Using sentiment lexicons

Dictionary-based sentiment analysis uses lexicons—lists of words paired with numeric scores that indicate whether each word feels positive, negative, or neutral. This approach is fast, transparent, and widely used in literary analysis and digital humanities research.
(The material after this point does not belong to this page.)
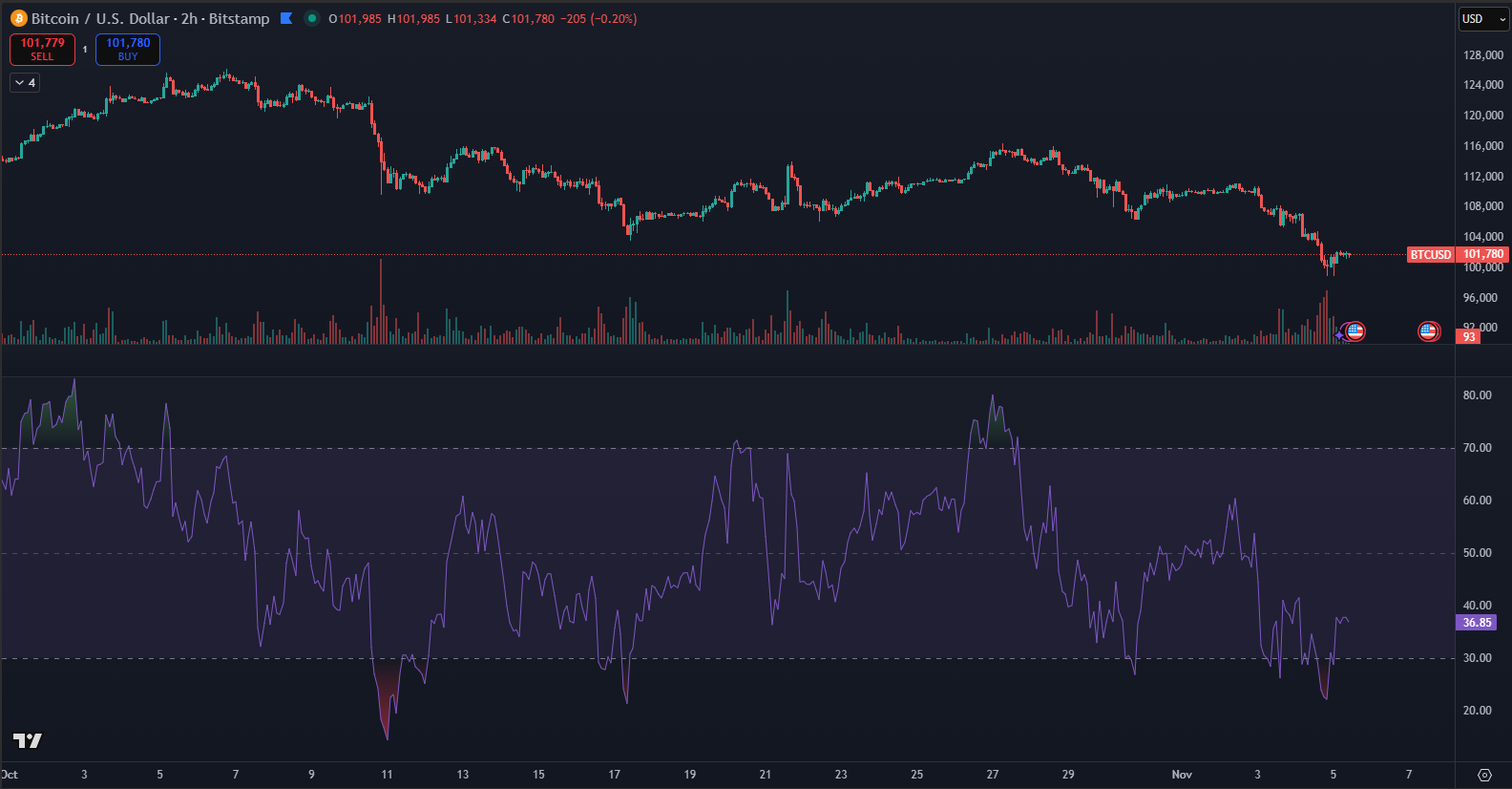 - RSI (Relative Strength Index): Measures the speed and change of price movements on a scale from 0 to 100. Values above 70 indicate an overbought condition (potential price correction), while below 30 suggests oversold conditions (potential rebound). RSI helps detect when an asset may be losing momentum.

What is a sentiment lexicon?

A sentiment lexicon (also called a sentiment dictionary) is essentially a lookup table. Each word has a score:

  • Positive values indicate pleasant, happy, or optimistic words
  • Negative values indicate unpleasant, sad, or pessimistic words
  • Zero indicates neutral words (or words not in the dictionary)

For example, a lexicon might assign:

Word Score
joy +0.8
happy +0.7
sad -0.6
terrible -0.9
the 0.0

When analyzing a sentence like “I feel happy today”, the analyzer tokenizes it into words, looks up each word’s score, and sums them. The moodswing package includes four widely-used lexicons from the R syuzhet package, each with different strengths.

Setup

Let’s import the tools we’ll use throughout this guide:

from moodswing import (
    DictionarySentimentAnalyzer,
    Sentencizer,
    DCTTransform,
    load_sample_text,
    prepare_trajectory,
    trajectory_to_dataframe
    )
from moodswing.lexicons import LexiconLoader
import pandas as pd
# Create the analyzer that will score our sentences
analyzer = DictionarySentimentAnalyzer()
sentencizer = Sentencizer()

The four included lexicons

Syuzhet

The Syuzhet lexicon was created specifically for narrative analysis by Matthew Jockers. It assigns sentiment values optimized for tracking emotional arcs in fiction.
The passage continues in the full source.